Read the full text article here in Alabama Heritage: From the Vault.



Silver in Antebellum Alabama
By Edward Pattillo

Though some Alabamians have collected and treasured "Alabama-made" silver, evidence suggests that no silver was made in Alabama during the Antebellum period. Instead, many silver manufacturing firms in the Northeast sent shiploads of silver to retailers in the Deep South. These retailers would then stamp the silver with their own name, causing some modern silver collectors to mistakenly believe the silver was made in Alabama. Edward Pattillo stresses that Antebellum Alabamians knew the silver they bought in the state was brought in from somewhere else. The belief that the silver goods were made in local stores "has been a modern assumption."
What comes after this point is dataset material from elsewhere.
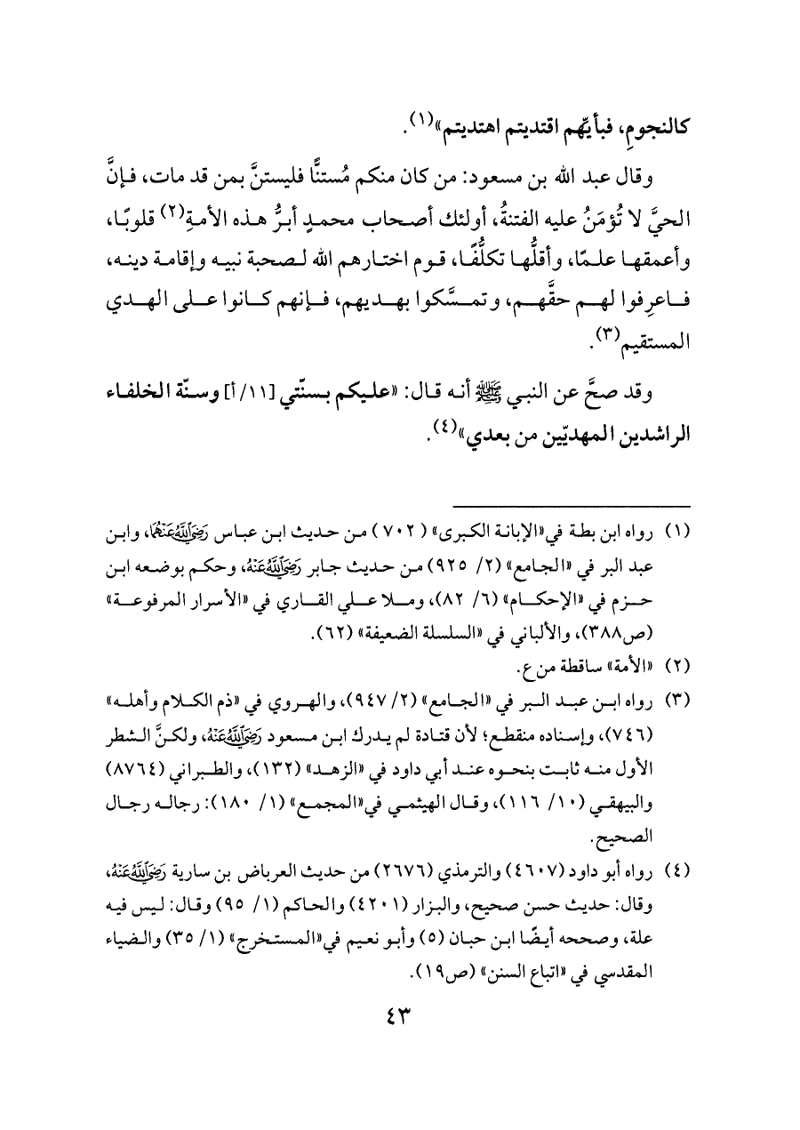 وقد صحَّ عن النبي - صلى الله عليه وسلم - أنه قال: «عليكم بسنّتي [١١/أ] وسنّة الخلفاء الراشدين المهديّين من بعدي» (¬٤).

Red Erwin and the Medal of Honor
By Judd A. Katz

On April 12, 1945, Henry "Red" Erwin, a radioman with the U.S. Army Corps, was en route to Koriyama, Japan on a bombing mission when the phosphorous bomb he had dropped through the plane's open chute turned, lifted, and exploded in his face. Three hundred feet above the Pacific, Erwin was instantly engulfed in flames. In an act of selflessness that would save the plane's officers and crew and earn him the Medal of Honor, Erwin grabbed the fifteen-hundred degree bomb, carried it through thick smoke to the cockpit, and hurled it from the plane, collapsing soon afterward. Military brass awarded Erwin the Medal of Honor only two days after he saved his crew. No one expected him to survive much longer. They just didn't know Red Erwin.



Northington General Hospital, Tuscaloosa
By Joanna Jacobs

During World War Two, Northington General Hospital in Tuscaloosa, Alabama, was one link in an effective military medical network that stretched around the world. With one thousand beds, Northington's specialty was plastic surgery. Because of the destructive nature of war wounds, plastic surgery techniques were in great demand. Doctors at Northington were instrumental in developing new skin-graft techniques during the 1940s.